#### Source data:
::::

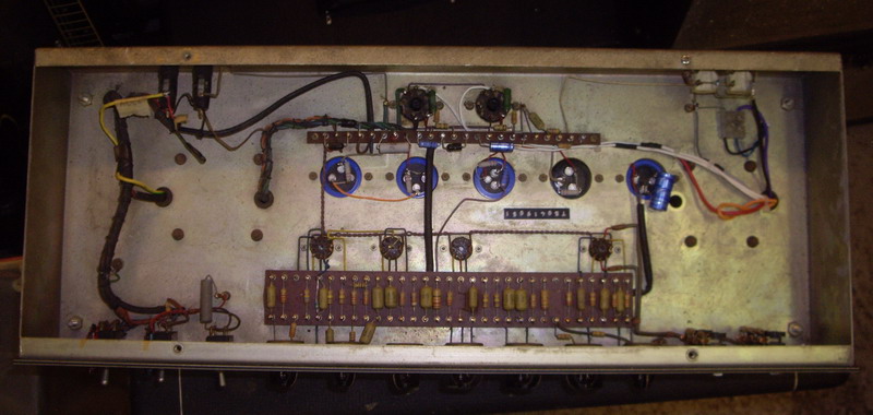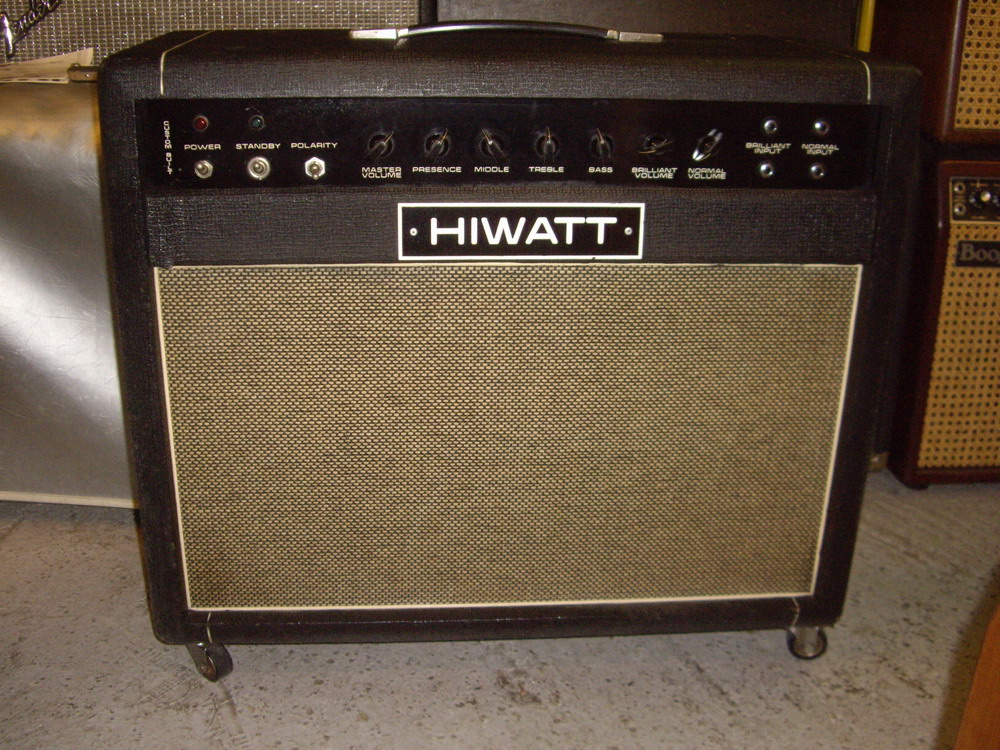 2x12" Hiwatt “Fane-Purple-Lable” Speacker, Normal & Bright Channels Four Inputs Controls: Normal Vol, Bright Vol, Bass, Treble, Middle, Presence, Master Vol Preamp Tubes: 12AX7 x 3, 12AT7 x 1 Power Tubes: 2x EL34 50Watt, basket weave. The back panel is missing. A real STRONG SOUND !
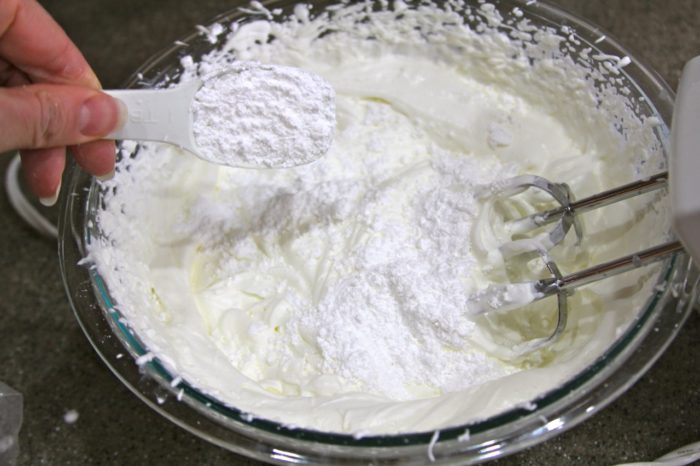 - Add powdered sugar, gently mix in
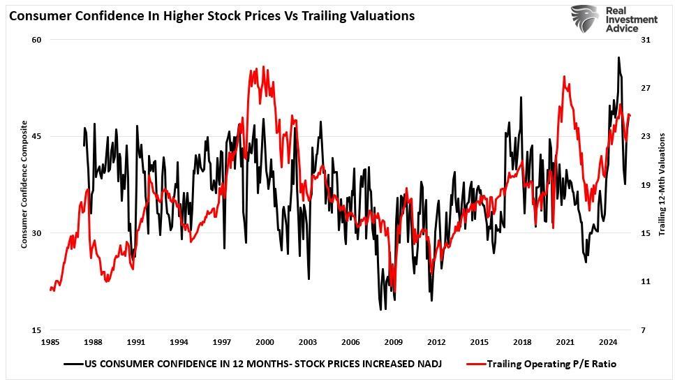 “Market valuation measures are just that—a measure of current valuation. Moreover, market valuations are a much better measure of “investor psychology” and a manifestation of the “greater fool theory.” This is why a high correlation exists between one-year trailing valuations and consumer confidence in higher stock prices.”
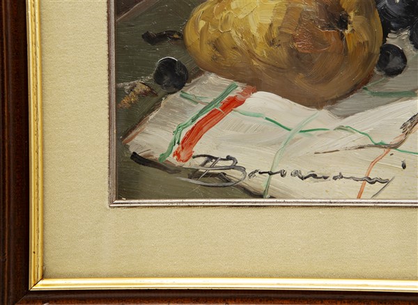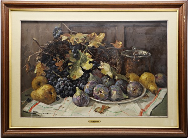 Arturo Bonanomi "Composizione con cesta in vimini, fichi, grappoli d'uva e pere"

::::

#### Your objective:
The lines from the one containing "valuation measures are" through the final line of the data are to be repeated exactly, with both ends included and all pictures left out.

#### Your response:
 “Market valuation measures are just that—a measure of current valuation. Moreover, market valuations are a much better measure of “investor psychology” and a manifestation of the “greater fool theory.” This is why a high correlation exists between one-year trailing valuations and consumer confidence in higher stock prices.”
 Arturo Bonanomi "Composizione con cesta in vimini, fichi, grappoli d'uva e pere"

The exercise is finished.